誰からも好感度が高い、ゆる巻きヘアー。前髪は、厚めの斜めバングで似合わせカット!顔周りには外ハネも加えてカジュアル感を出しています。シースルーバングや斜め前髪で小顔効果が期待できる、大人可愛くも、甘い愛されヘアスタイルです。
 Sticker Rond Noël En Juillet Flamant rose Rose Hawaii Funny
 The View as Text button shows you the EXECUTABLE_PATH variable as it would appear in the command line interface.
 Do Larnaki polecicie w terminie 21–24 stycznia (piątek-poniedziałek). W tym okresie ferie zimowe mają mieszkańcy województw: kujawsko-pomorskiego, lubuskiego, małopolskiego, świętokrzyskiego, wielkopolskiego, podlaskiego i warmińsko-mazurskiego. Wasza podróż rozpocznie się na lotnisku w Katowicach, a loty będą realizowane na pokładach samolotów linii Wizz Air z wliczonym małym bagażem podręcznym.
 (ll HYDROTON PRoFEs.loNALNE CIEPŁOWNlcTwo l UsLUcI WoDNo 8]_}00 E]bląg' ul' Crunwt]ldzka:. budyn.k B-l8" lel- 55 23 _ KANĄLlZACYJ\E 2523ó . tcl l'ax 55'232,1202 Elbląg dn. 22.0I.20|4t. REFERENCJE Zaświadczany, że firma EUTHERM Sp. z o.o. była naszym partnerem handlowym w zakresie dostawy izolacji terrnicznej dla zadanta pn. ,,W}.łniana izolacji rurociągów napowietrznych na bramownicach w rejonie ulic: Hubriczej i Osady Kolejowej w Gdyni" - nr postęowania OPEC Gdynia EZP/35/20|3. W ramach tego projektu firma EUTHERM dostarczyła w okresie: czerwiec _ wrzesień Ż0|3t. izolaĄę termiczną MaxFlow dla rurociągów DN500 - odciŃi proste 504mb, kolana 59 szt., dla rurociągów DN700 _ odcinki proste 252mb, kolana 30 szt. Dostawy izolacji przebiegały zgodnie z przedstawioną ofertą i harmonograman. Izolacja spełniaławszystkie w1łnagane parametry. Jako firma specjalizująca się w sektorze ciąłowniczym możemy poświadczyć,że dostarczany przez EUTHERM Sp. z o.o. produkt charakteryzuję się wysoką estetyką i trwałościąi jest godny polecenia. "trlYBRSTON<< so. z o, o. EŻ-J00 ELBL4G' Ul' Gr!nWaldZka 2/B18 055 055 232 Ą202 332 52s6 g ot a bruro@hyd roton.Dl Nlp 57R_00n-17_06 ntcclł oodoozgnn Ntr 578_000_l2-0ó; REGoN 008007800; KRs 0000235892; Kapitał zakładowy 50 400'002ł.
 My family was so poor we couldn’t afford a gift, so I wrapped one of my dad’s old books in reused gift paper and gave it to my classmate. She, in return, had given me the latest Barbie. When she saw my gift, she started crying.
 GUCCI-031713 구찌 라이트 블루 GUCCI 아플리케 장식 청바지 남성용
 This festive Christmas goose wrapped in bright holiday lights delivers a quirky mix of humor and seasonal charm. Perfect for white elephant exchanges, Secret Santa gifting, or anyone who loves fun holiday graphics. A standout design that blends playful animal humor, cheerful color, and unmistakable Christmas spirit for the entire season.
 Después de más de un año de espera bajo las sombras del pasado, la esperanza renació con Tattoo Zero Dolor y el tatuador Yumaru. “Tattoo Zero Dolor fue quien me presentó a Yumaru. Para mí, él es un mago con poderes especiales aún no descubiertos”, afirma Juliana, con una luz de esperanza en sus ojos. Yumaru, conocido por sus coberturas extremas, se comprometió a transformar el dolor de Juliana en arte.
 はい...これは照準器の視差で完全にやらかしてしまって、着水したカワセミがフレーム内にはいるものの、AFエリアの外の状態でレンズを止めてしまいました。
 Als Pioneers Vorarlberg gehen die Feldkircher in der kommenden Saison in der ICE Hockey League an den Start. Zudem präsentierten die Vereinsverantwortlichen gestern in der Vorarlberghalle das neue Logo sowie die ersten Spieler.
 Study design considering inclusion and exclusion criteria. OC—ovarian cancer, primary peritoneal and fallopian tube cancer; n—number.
---
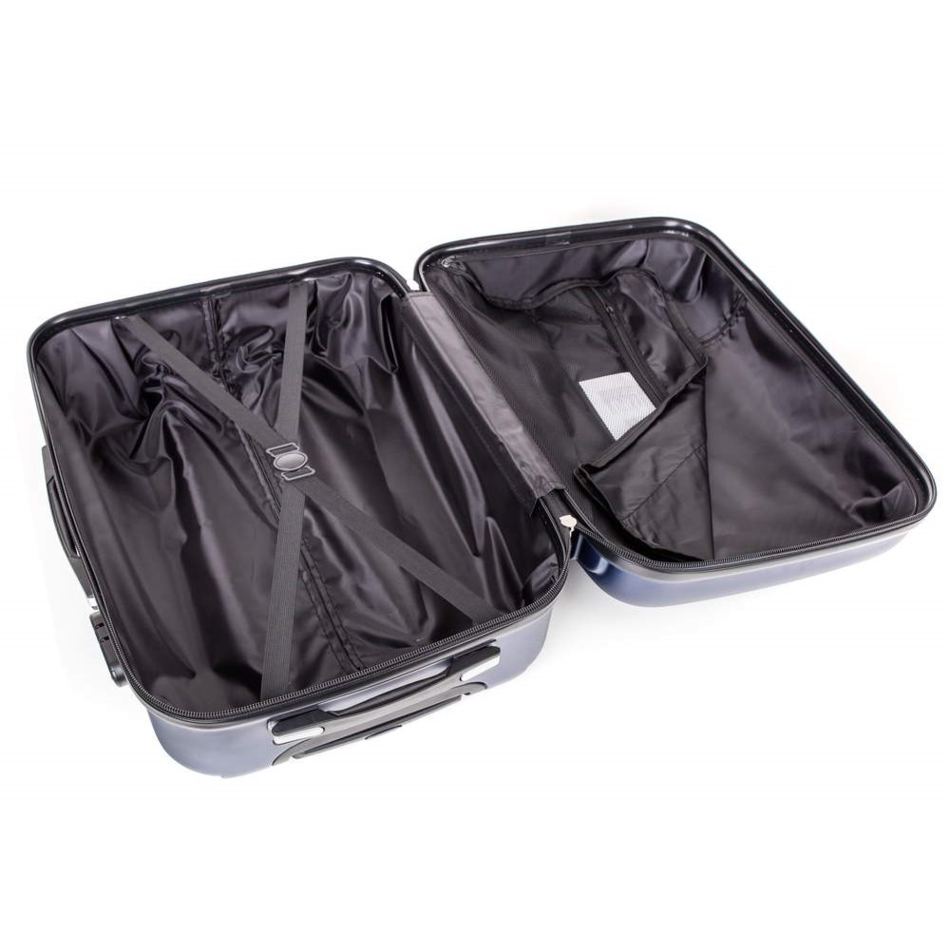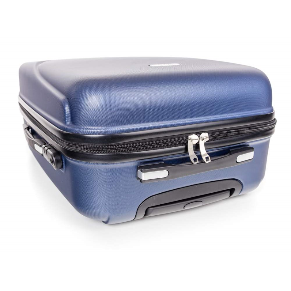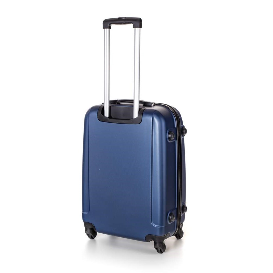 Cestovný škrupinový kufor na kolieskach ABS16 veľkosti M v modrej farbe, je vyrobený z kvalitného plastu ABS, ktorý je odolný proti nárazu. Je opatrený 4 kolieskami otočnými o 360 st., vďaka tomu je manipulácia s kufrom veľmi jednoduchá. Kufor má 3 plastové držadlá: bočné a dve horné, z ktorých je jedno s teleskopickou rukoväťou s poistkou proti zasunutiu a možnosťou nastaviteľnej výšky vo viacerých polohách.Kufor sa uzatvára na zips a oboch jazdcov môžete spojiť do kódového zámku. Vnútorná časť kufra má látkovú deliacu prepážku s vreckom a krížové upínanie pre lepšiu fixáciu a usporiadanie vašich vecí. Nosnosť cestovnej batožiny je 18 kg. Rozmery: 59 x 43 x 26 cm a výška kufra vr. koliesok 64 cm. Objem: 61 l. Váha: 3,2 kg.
==
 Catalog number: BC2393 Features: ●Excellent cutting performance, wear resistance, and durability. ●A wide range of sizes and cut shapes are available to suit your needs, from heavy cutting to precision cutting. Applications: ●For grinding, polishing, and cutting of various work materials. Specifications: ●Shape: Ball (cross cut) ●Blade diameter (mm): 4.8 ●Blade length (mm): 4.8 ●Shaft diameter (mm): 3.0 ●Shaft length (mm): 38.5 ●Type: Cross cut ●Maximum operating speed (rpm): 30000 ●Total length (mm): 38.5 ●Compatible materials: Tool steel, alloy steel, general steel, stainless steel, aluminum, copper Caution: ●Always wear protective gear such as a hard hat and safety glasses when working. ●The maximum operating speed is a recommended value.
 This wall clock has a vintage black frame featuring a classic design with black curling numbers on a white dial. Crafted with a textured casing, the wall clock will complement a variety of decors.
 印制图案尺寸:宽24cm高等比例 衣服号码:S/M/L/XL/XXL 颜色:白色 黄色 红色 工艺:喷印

### WHAT YOU SHOULD DO
Copy, exactly and only, the lines above that begin with the one containing "はい...これは照準器の視差" and finish with the one containing "Als Pioneers Vorarlberg".

### TASK RESPONSE
 はい...これは照準器の視差で完全にやらかしてしまって、着水したカワセミがフレーム内にはいるものの、AFエリアの外の状態でレンズを止めてしまいました。
 Als Pioneers Vorarlberg gehen die Feldkircher in der kommenden Saison in der ICE Hockey League an den Start. Zudem präsentierten die Vereinsverantwortlichen gestern in der Vorarlberghalle das neue Logo sowie die ersten Spieler.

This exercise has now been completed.